### [Problem to work on]
Among the entries that follow, locate the line with "Cartera multifuncional de" and the line with "Camisa de botones". Output those lines and all lines in between, exactly, minus the pictures.

### [Extracted material]
———

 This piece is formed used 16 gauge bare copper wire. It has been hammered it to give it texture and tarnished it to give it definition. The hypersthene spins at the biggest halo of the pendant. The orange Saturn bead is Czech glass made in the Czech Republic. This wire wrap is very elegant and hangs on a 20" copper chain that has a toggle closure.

———

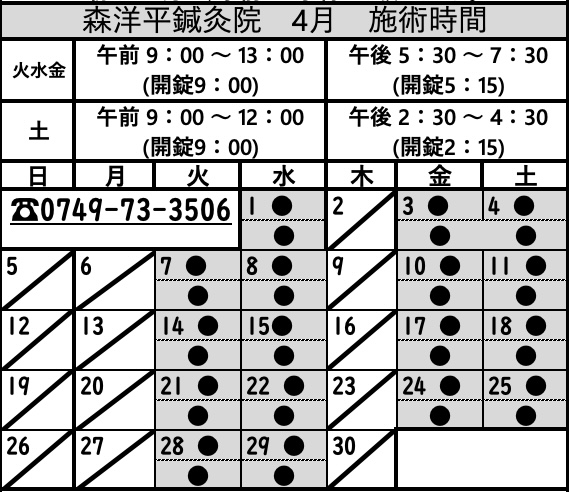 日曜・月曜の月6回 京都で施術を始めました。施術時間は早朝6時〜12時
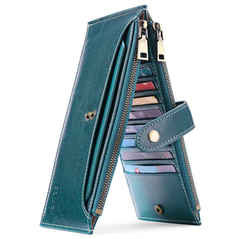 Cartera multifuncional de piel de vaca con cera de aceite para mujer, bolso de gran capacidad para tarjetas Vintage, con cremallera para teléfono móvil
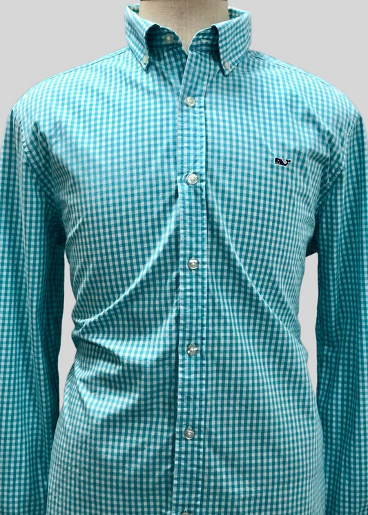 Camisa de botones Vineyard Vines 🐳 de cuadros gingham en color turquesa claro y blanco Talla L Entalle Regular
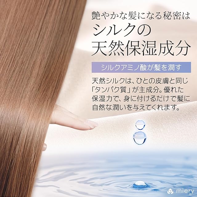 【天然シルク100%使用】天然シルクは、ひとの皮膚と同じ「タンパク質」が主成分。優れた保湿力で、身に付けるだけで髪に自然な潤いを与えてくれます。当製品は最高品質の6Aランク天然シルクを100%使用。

———

### [Answer box]
 Cartera multifuncional de piel de vaca con cera de aceite para mujer, bolso de gran capacidad para tarjetas Vintage, con cremallera para teléfono móvil
 Camisa de botones Vineyard Vines 🐳 de cuadros gingham en color turquesa claro y blanco Talla L Entalle Regular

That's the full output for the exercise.